Il existe ainsi 10 types d’ondulations, chacune correspondant à tout un ensemble de
différentes techniques (frappes, luxations, amenées au sol).
Cette méthode met en évidence –et c’est là la spécificité- que chaque technique de
frappe correspond à une technique de luxation ou d’amenée au sol, utilisant le même
schéma bio-mécanique, généré par la même ondulation.
Toutes ces ondulations pouvant se combiner entre elles, toutes les techniques qui en
découlent peuvent donc se combiner à l’infini suivant ce principe.
Il en est de même pour la pratique des armes, qui sont le prolongement des mains.

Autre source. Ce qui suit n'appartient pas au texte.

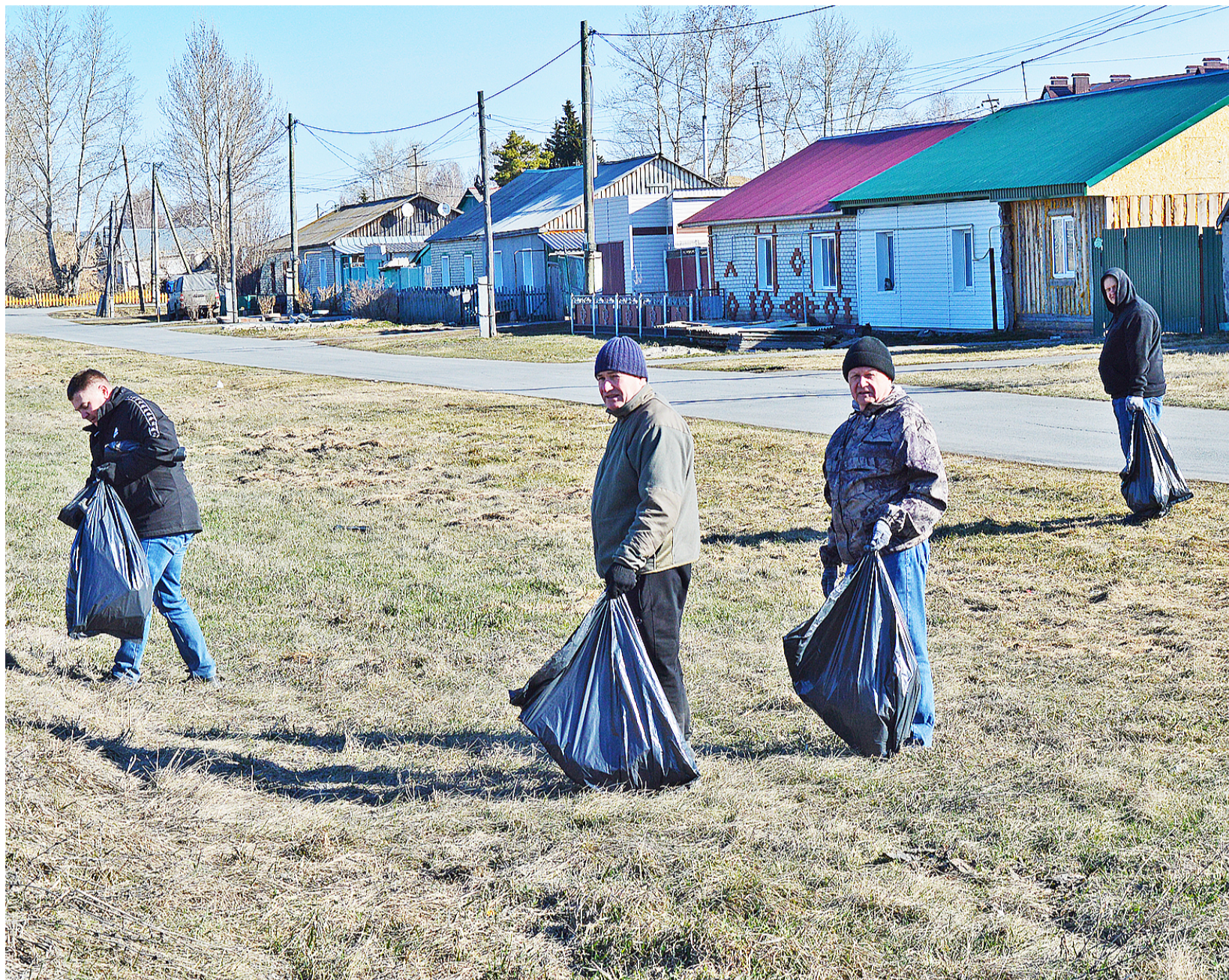
А вы присоединились к Всероссийской акции «Мы за чистоту»?

DANS LE CONCEPT DU YOSEIKAN BUDO, ON PEUT AINSI DEFINIR


PLUSIEURS PARTIES :

- La prédominance atémis, percussions, est représentée par le KARATE, le


KEMPO, et, pour ma part, le KICK-BOXING de style YOSEIKAN BUDO ;
- La prédominance clés et amenées au sol est représentée par l’AIKI-JUTSU
et le GOSHIN-JUTSU de style YOSEIKAN BUDO.

Dans chacune ces prédominances (Karaté, Kenpo, Kick-Boxing, Aiki-Jutsu,


Goshin-Jutsu, etc.) les positions, les déplacements, les formes de corps (ou
gestuelles) sont identiques. Elles peuvent ainsi se combiner entre elles, donnant
la méthode de combat intégral qu’est le YOSEIKAN BUDO. Le pratiquant peut
ainsi personnaliser sa façon de combattre, privilégiant ou combinant tel ou telle
prédominance, en fonction de sa morphologie et de ses aptitudes ainsi que son
ressenti.

- La partie armes sera quand à elle représentée par le IAI, le KEN-JUTSU et le


KOBUDO de style YOSEIKAN BUDO.

Le IAI est l’art de dégainer de différentes façons le sabre, et de trancher, en


fonction des différents angles d’attaques de l’adversaire.
Le KEN-JUTSU est l’art de combattre une fois le sabre dégainé.
Le KOBUDO regroupe les autres armes mentionnées précédemment.